The 72-year-old has also up­ended decades of for­eign pol­icy sta­bil­ity, launch­ing ver­bal bombs against tra­di­tional ally the United States while steer­ing the Philip­pines closer to au­thor­i­tar­ian regimes in China and Rus­sia. Yet an over­whelm­ing ma­jor­ity of Filipinos sup­port him, ac­cord­ing to a series of sur­veys by poll­sters over the past 12 months, with the most re­cent one show­ing 75 per­cent were sat­is­fied with his ad­min­is­tra­tion’s per­for­mance.

“Peo­ple like the man,” Ri­cardo Abad, head of so­ci­ol­ogy and an­thro­pol­ogy at Ate­neo Univer­sity in Manila, told AFP, re­fer­ring to Duterte’s de­ci­sive lead­er­ship style. “Peo­ple may dis­agree with his poli­cies, or are maybe am­biva­lent to­wards them, but be­cause they like him, peo­ple will tend to give him the ben­e­fit of the doubt.” Many peo­ple overseas know Duterte for his ap­par­ent joy in pros­e­cut­ing his drug war-he said he was “happy to slaugh­ter” mil­lions of ad­dicts-as well as gut­ter lan­guage in which crit­ics are fre­quently called “sons of whores”.

But many Filipinos look past the crass talk and see a down-to-earth, anti-es­tab­lish­ment fig­ure who em­pathises with their strug­gles and is will­ing to take ex­treme ac­tions to make dra­matic change across all sec­tors of so­ci­ety. “He brought an entirely new style of lead­er­ship, which peo­ple prob­a­bly thought we needed,” Edmund Tayao, a po­lit­i­cal sci­ence pro­fes­sor at the Univer­sity of Santo To­mas, told AFP.

Rough ride

In his in­au­gu­ra­tion speech, Duterte typ­i­cally sought not to sug­ar­coat his plans for the Philip­pines. “The ride will be rough.

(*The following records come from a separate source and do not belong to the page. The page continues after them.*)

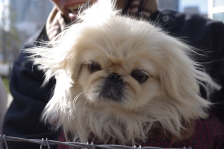 土曜日は電車が止まるほどの強風だったので、他のワンコも数えるほどしかおらず、 半貸切状態でした。 最初のうちはあまり風もなかたのですが・・・強風来たぁぁぁ!!! 人間も飛ばされそうな強風に、制限時間前に撤収しました。 ドッグランで遊んでいたら、柵の外にペキニーズ発見!!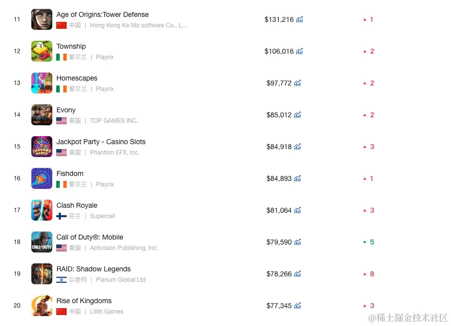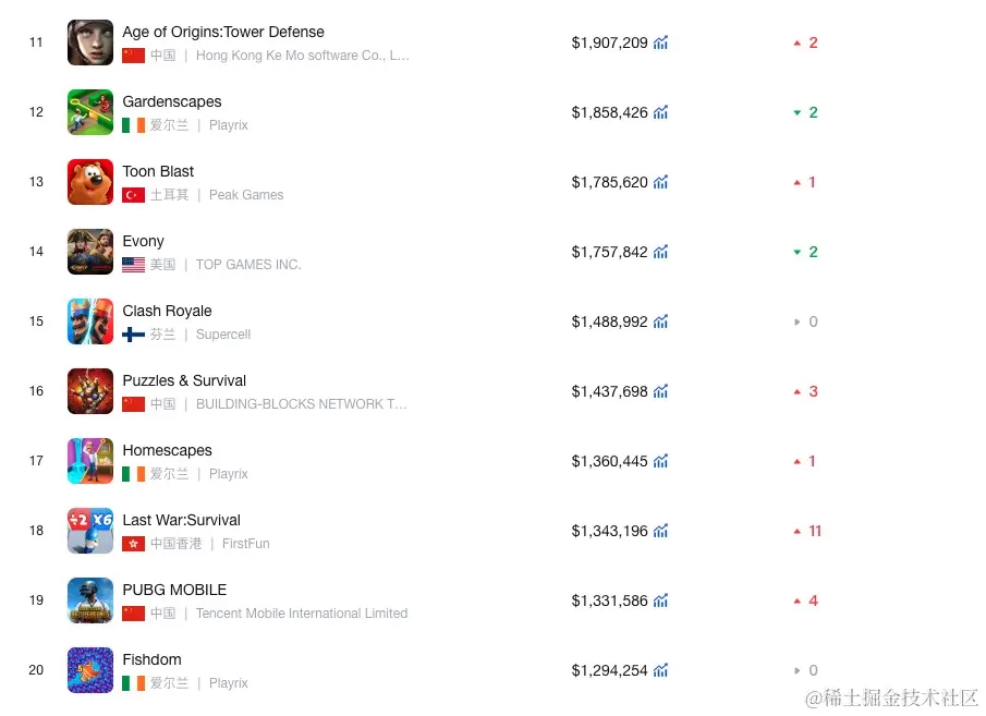 此外来自中国香港的游戏应用Last War:Survival,收入上升明显,提升了9个名次,成为第18名。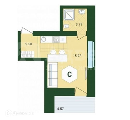 Общая площадь 21.8 м2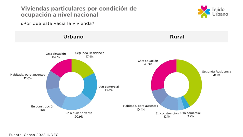 La situación de las viviendas deshabitadas no es la misma en todos los casos. A nivel nacional y en las ciudades, las viviendas que se encuentran deshabitadas al momento del censo, en su mayoría lo están por encontrarse en venta o alquiler, porque se las utiliza como consultorio, comercio u oficina o porque son usadas como segunda vivienda o de fin de semana. Sin embargo, en el ámbito rural, la situación es diferente: las segundas viviendas representan el 41.1% del parque habitacional deshabitado, mientras que en segundo lugar, con el 28.8%, se ubican las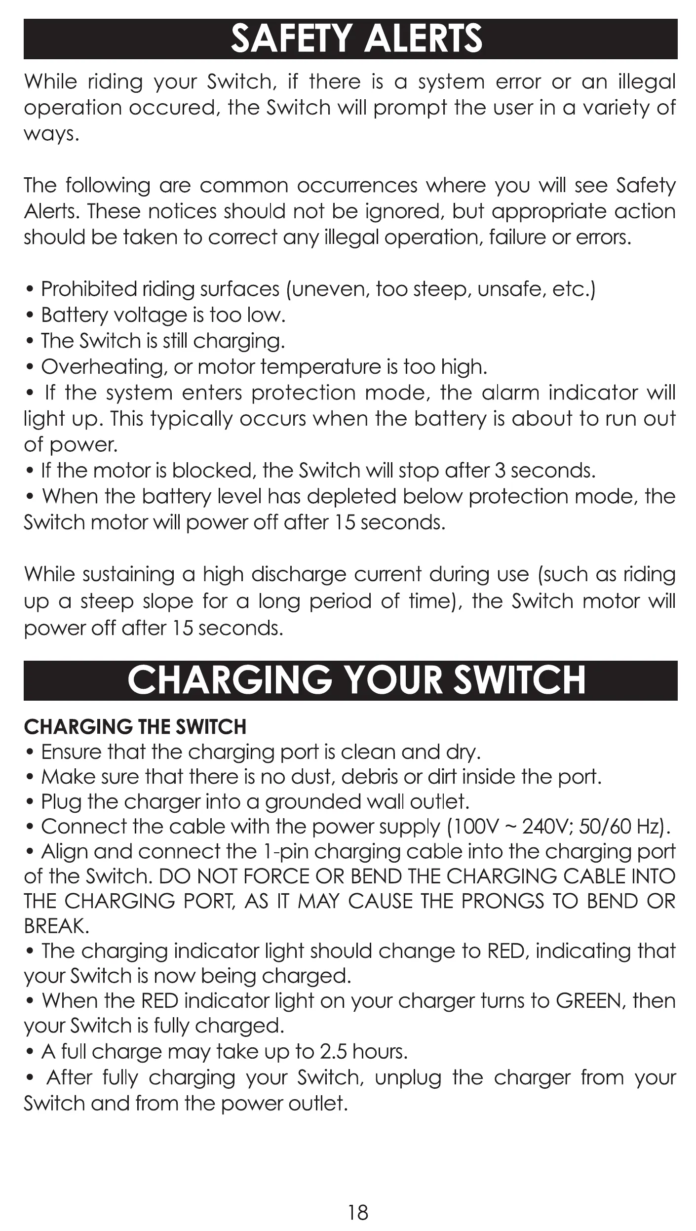of the Switch. DO NOT FORCE OR BEND THE CHARGING CABLE INTO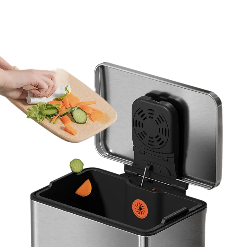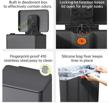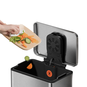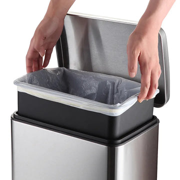 Prático. Inclui balde interior amovível em plástico, com uma prática fixação para o saco do lixo.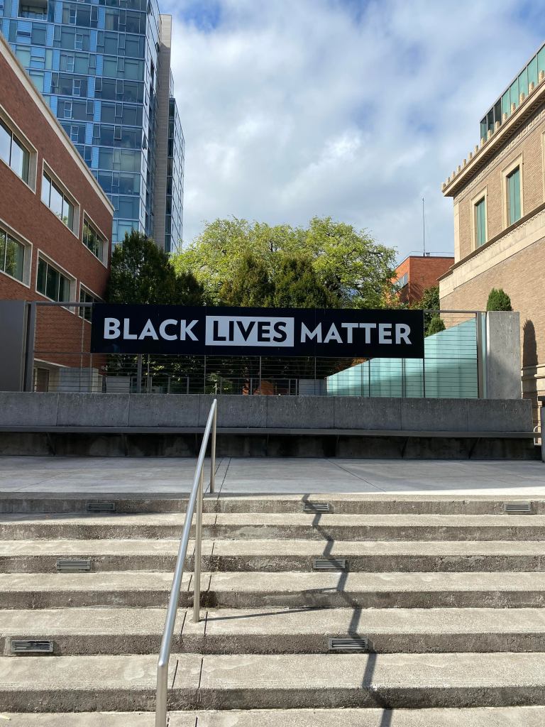 Outside, a Black Lives Matter banner hung near the entrance of the museum. This banner has been replaced numerous times because of vandalism. The ripped banners were part of the exhibit, and a fresh one still hangs outside. The message is clear; you try to tear us down, we make art from the remains and continue to stand for what we believe.

But come join me just the same,” Duterte said. The rough­est part of the ride had for most of the past year been his crack­down on drugs. Po­lice killed 3,171 drug sus­pects, ac­cord­ing to of­fi­cial fig­ures. Un­known as­sailants killed an­other 2,098 peo­ple in drug-re­lated crimes, while there were 8,200 more mur­ders with no known mo­tive, ac­cord­ing to the po­lice.

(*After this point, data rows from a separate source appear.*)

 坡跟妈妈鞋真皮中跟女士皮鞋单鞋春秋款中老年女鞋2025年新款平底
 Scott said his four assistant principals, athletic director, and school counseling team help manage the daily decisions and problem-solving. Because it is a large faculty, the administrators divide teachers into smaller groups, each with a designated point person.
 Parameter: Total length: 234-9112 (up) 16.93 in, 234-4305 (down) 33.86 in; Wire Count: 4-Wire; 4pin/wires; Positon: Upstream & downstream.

Rights groups and other crit­ics warned Duterte may be or­ches­trat­ing a crime against hu­man­ity, al­leg­ing he had un­leashed cor­rupt po­lice and vig­i­lante death squads on a cam­paign of mass mur­der. Duterte had made the drug war the top fo­cus of his pres­i­dency un­til May 23, when gun­men ram­paged through the south­ern city of Marawi fly­ing black flags of the Is­lamic State group.

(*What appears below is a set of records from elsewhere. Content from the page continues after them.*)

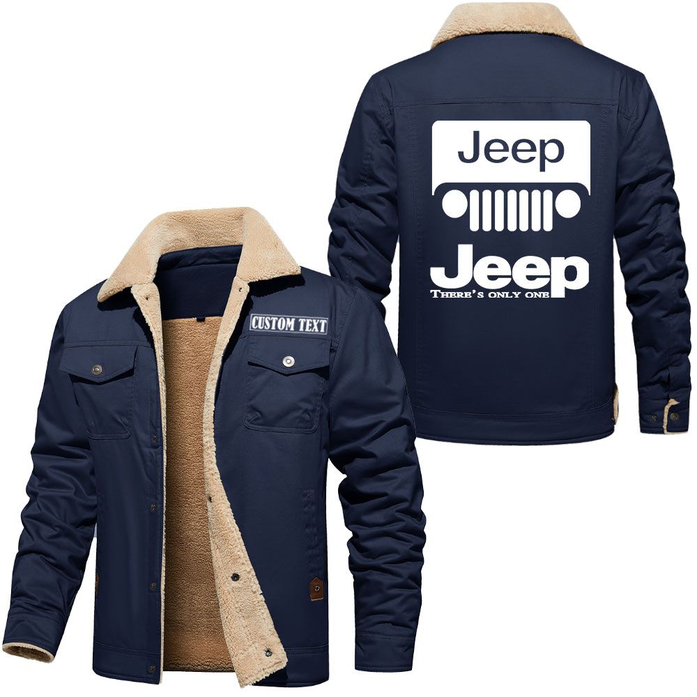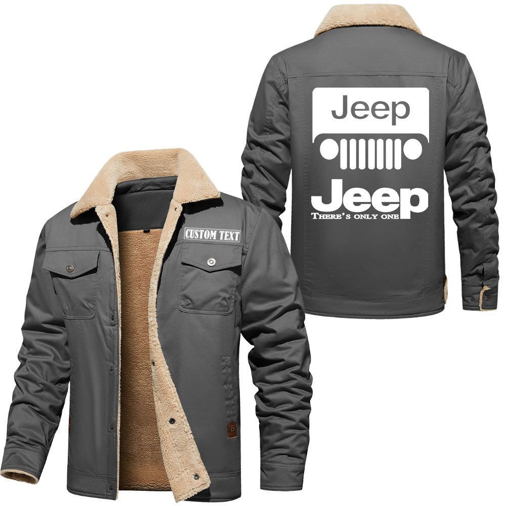 Jeep Logo Custom Name Cargo Fleece Lined Cotton Jacket Stylish Warm Personalized Outerwear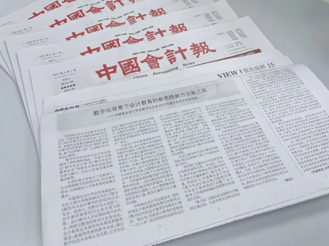 2022年9月2日,财政部《中国会计报》在“领先视野”专版深入报道中国商业会计学会数字化分会2022年数字化学术年会在报道。在报道中提到,数字化会计教育必须以数字化时代的特点为基础展开,集合各方力量,形成合力,中国商业会计学会《数字化会计职业能力框架》《数字化会计教育规范》为整个会计教育工作提供明确的思路和切实提高的手段。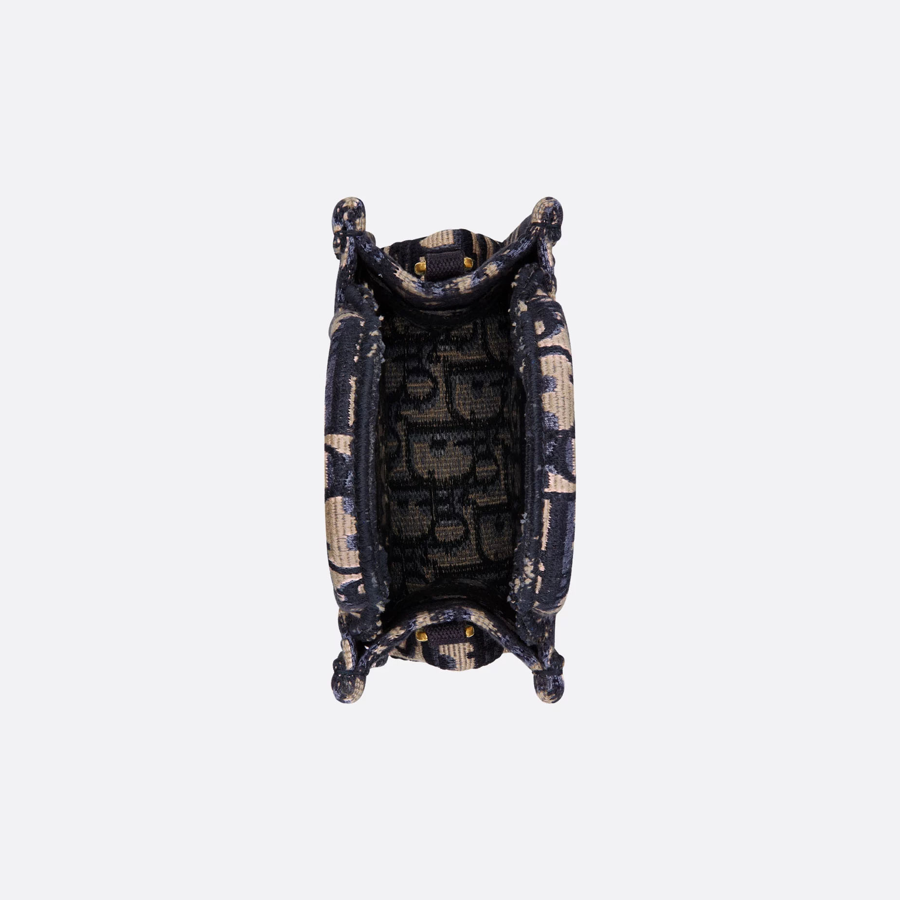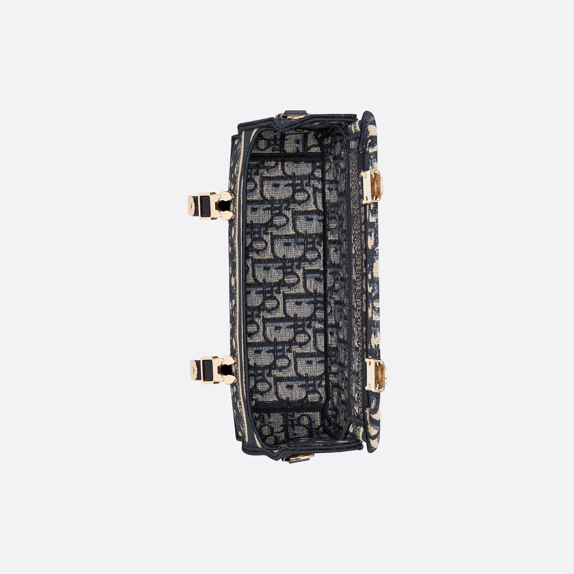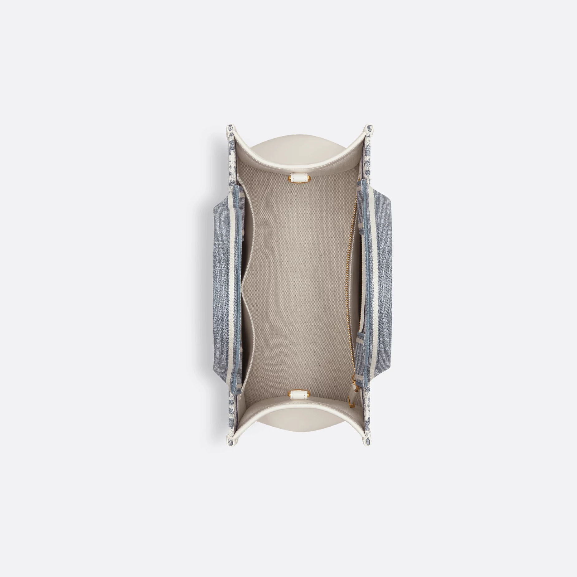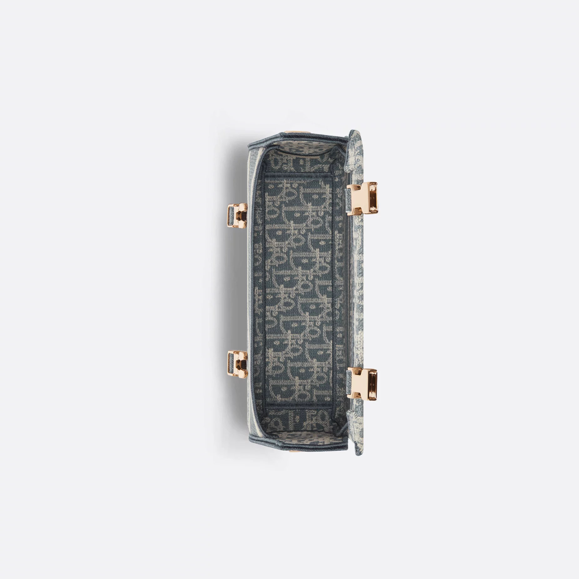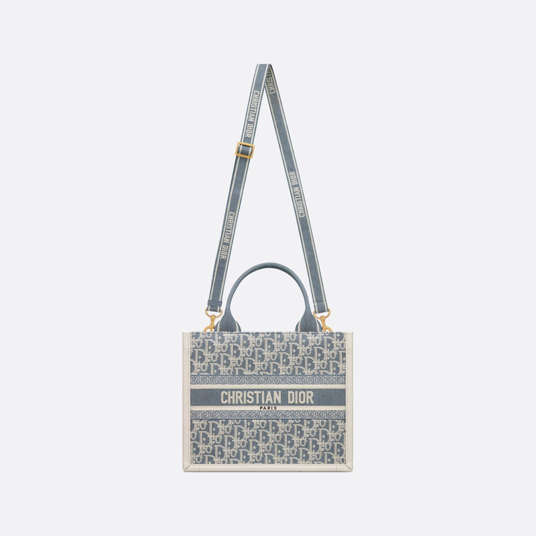 Dior Small Dior Book Tote In Blue Dior Oblique Chambray-Effect Embroidery Canvas and Calfskin Gold Hardware

He im­me­di­ately im­posed mar­tial law across the south­ern third of the Philip­pines, home to roughly 20 mil­lion peo­ple, to quell what he said was an IS bid to es­tab­lish a lo­cal caliphate. But de­spite a re­lent­less bomb­ing cam­paign backed by the United States, Duterte’s mil­i­tary has been un­able to dis­lodge the mil­i­tants. The fight­ing has claimed more than 400 lives, ac­cord­ing to the gov­ern­ment, and it shows no signs of end­ing.

Su­per ma­jor­ity

An­other ex­am­ple of Duterte’s pop­u­lar­ity is his “su­per ma­jor­ity” in the lower house of congress, where there are just seven op­po­si­tion mem­bers in the 296-mem­ber cham­ber. Even one of the op­po­si­tion law­mak­ers, Ed­cel Lag­man, of­fered grudg­ing praise this week. “De­spite his un­pres­i­den­tial de­meanor, pro­fane lan­guage, abu­sive rhetoric and flawed pol­icy state­ments, Pres­i­dent Ro­drigo Duterte, in his own in­scrutable way, has held the na­tion to­gether,” he said.

But Lag­man said, with Duterte’s prom­ises of “change” yet to be­come re­al­ity, his pop­u­lar­ity had started to slide. If that is hap­pen­ing, Duterte’s “su­per ma­jor­ity” could fall apart. In the Philip­pines, law­mak­ers from par­ties across the po­lit­i­cal spec­trum typ­i­cally flock to a pop­u­lar pres­i­dent in the early stages of his or her term. But the politi­cians, driven by self-in­ter­est rather than ide­ol­ogy, have also in the past quickly jumped off the band­wagon when ap­proval rat­ings dropped. —AFP


Philip­pine Pres­i­dent Ro­drigo Duterte checks the scope of a Chi­nese-made CS/LR4A sniper ri­fle dur­ing the cer­e­mo­nial pre­sen­ta­tion of ri­fles and am­mu­ni­tion by China to the Philip­pines at Clark Air­base in north­ern Philip­pines.